Es ist auch nicht zu beanstanden, dass die Justizvollzugsanstalt unter Beachtung der Erreichung des Vollzugsziels der Resozialisierung des Betroffenen davon ausgegangen ist, eine dringende Notwendigkeit für eine Ausführung sei nicht gegeben. Zur Aufrechterhaltung des sozialen Kontaktes zur Familie ist eine Ausführung nicht erforderlich, da durch Besuch der Kontakt zur Familie aufrechterhalten werden kann. Insbesondere bei zusätzlichen Langzeitbesuchen ist ein ungestörtes Zusammensein mit der Familie ermöglicht. Einen konkreten Anlass für einen Besuch im Elternhaus, wie z.B. eine Familienfeier oder Ähnliches, hat der Antragsteller nicht dargelegt. Andere Gründe, die eine Ausführung dringlich erscheinen lassen, sind nicht erkennbar.

Soweit die Strafvollstreckungskammer darauf hinweist, dass allein aus dem Umstand, dass eine Ausweisungsverfügung gegen den Antragsteller bestehe, nicht auf Fluchtgefahr geschlossen werden könne, ist dies zwar zutreffend, jedoch für die Entscheidung ohne Bedeutung. Denn es geht vorliegend nicht darum, ob bei dem Antragsteller Flucht- oder Missbrauchsgefahr besteht, sondern ob im Hinblick auf das Vollzugsziel der Resozialisierung angesichts der organisatorischen und vollzuglichen Belange dem Antragsteller eine Ausführung zu gewähren ist. Dies ist, wie bereits ausgeführt, vom Leiter der Justizvollzugsanstalt Geldern hier ermessensfehlerfrei abgelehnt worden.

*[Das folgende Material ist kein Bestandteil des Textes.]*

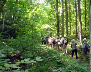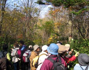 ○見られたもの:「植物」イチイ、キツリフネ、ミゾソバ、ハナタデ、ハイイヌガヤ、アオミズ、ノブキ、エゾシロネ、ヤブマメ、ヤブハギ、ノッポロガンクビソウ、セントウソウ、ヒメシロネ、フタリシズカ、シオデ、サイハイラン、ルイヨウショウマ、タカアザミ、ユウゼンギク、オオタチツボスミレ、アキノウナギツカミ、ツルシキミ、エゾノキツネアザミ、など 「シダ」オオメシダ、コウヤワラビ、エゾフユノハナワラビ、ヤマイヌワラビ、オシダ、クサソテツ、ヒメシダ、ミヤマベニシダ、リョウメンシダ、シラネワラビ、ナライシダ、ミゾシダ、など 「その他」 ハモグリバエ、ツチハンミョウ、エゾマイマイ、フキバッタ など |
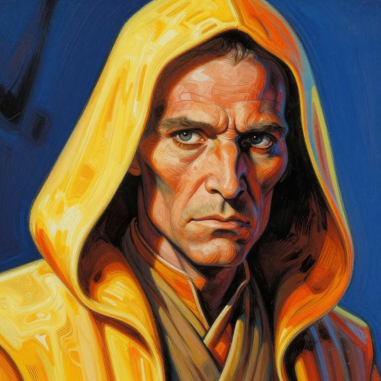 This digital painting in a vibrant, hyper-realistic style depicts a middle-aged man with a stern expression, wearing a bright yellow hooded cloak. His light blue eyes are intense and focused, and his weathered face is illuminated with bold, contrasting colors. The cloak's hood casts shadows over his forehead and nose, adding depth to his stern expression. The background is a deep, rich blue, which enhances the vividness of the yellow cloak. The man's skin tone is medium, and the painting uses thick, expressive brushstrokes to create a dynamic, almost painterly texture. The overall effect is dramatic and striking.
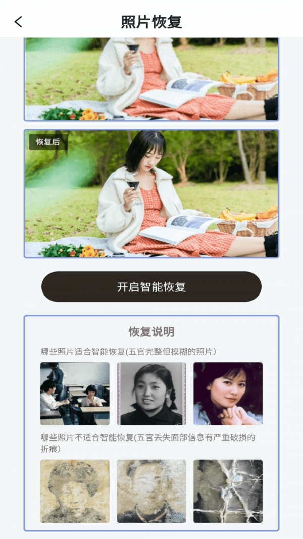 3、能够帮助用户对一些年代久远的老照片、糊照片、旧照片,轻度破损照片进行智能的修复;
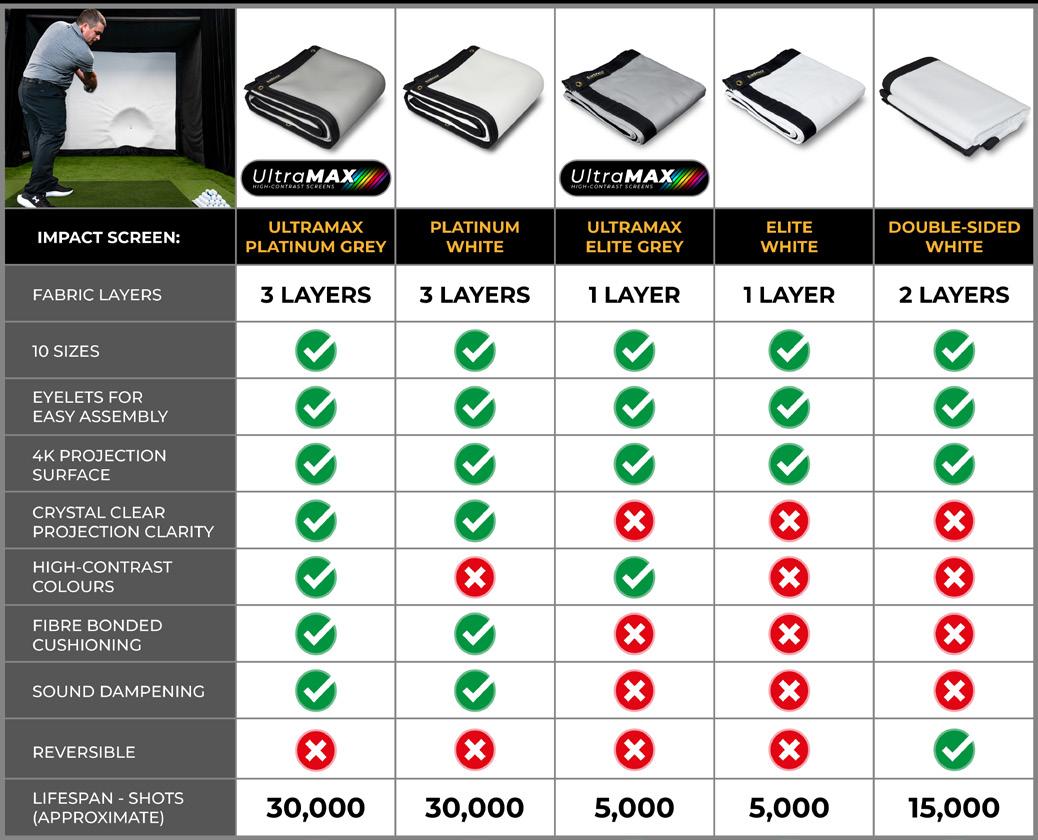 Use the chart below to help you choose the perfect impact screen for your setup needs... ELITE WHITE
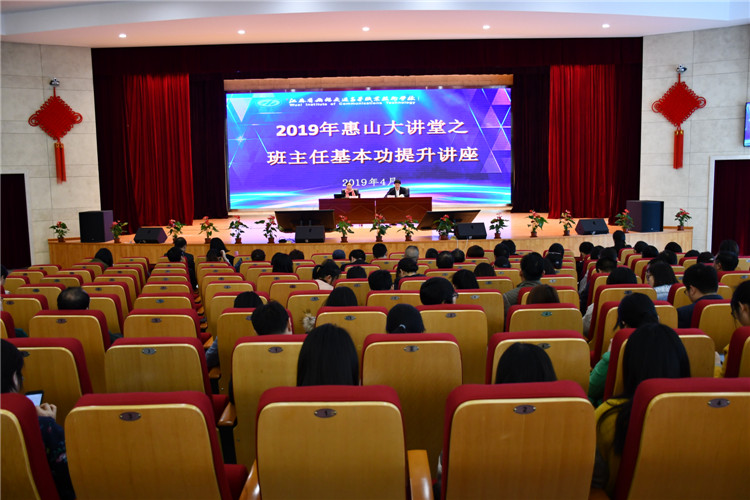 4月15日,学校邀请无锡城市职业技术学院副院长梅亚萍开展2019年惠山大讲堂之班主任基本功提升讲座。学工处、各学院学工负责人和全校班主任120余人参加了此次讲座活动。讲座由邢勇副校长主持。

Deswegen war die Entscheidung der Strafvollstreckungskammer aufzuheben. Da die Sache entscheidungsreif ist, konnte der Senat gemäß § 119 Abs. 4 StVollzG selbst entscheiden und den Antrag auf gerichtliche Entscheidung zurückweisen.

Die Kostenentscheidung folgt aus § 121 Abs. 2 StVollzG.